Based on your last query I created a fiddle.
;with x as (
select price,
datepart(isowk,dateadd(day, n.n, t1.month)) wk,
dateadd(day, n.n-1, t1.month) dt
from
(select '2014-1-1' as Month, 100.00 as PRICE
union
select '2014-2-1' as Month, 200.00 as PRICE) t1
cross apply (
select datediff(day, t.month, dateadd(month, 1, t.month)) nd
from
(select '2014-1-1' as Month, 100.00 as PRICE
union
select '2014-2-1' as Month, 200.00 as PRICE)
t
where t1.month = t.month) ndm
inner join
(SELECT (a.Number * 256) + b.Number AS N FROM
(SELECT number FROM master..spt_values WHERE type = 'P' AND number <= 255) a (Number),
(SELECT number FROM master..spt_values WHERE type = 'P' AND number <= 255) b (Number)) n --numbers
on n.n < ndm.nd
) select min(dt) as week, cast(sum(price)/count(*) as decimal(9,2)) as price
from x
group by wk
having count(*) = 7
order by wk
Of course the dates might be from multiple years, so you need to GROUP BY by the year, too.

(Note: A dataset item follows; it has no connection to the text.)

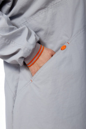 Плащ женский свободного кроя с центральной застежкой на "молнию". Спинка сосредним швом и тремя фигурными подрезами. Перед так же с тремя подрезами. В швах нижнего подреза обработаны карманы. Рукав цельнокройный с довязом по низу. Воротник-капюшон с подрезами и кулисой со шнуром. По низу плаща обработаны кулиса со шнуром. Над правым карманом металлическая нашивка. Внешний вид фурнитуры может отличаться от заявленного на фото.
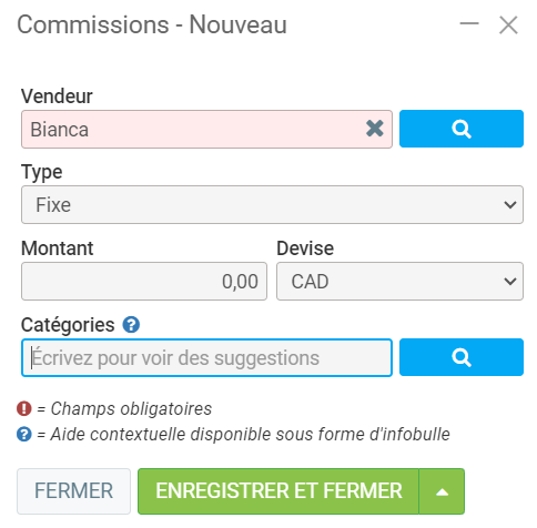 Peu importe la méthode (clients ou ressources humaines), le processus de configuration est le même. Pour ajouter une commission, rendez-vous dans la liste spécifiée dans la méthode que vous avez choisi, et cliquer sur le +. La fenêtre suivante apparaitra.

Actually, you need to spred it over days, and then get the averages by week. To get the days we'll use the Numbers table.
;with x as (
select product, price,
datepart(week,dateadd(day, n.n-2, t1.month)) wk,
dateadd(day, n.n-1, t1.month) dt
from #t t1
cross apply (
select datediff(day, t.month, dateadd(month, 1, t.month)) nd
from #t t
where t1.month = t.month and t1.product = t.product) ndm
inner join numbers n on n.n <= ndm.nd
)
select product, min(dt) as week, cast(sum(price)/count(*) as decimal(9,2)) as price
from x
group by product, wk
having count(*) = 7
order by product, wk
The result of datepart(week,dateadd(day, n.n-2, t1.month)) expression depends on SET DATEFIRST so you might need to adjust accordingly.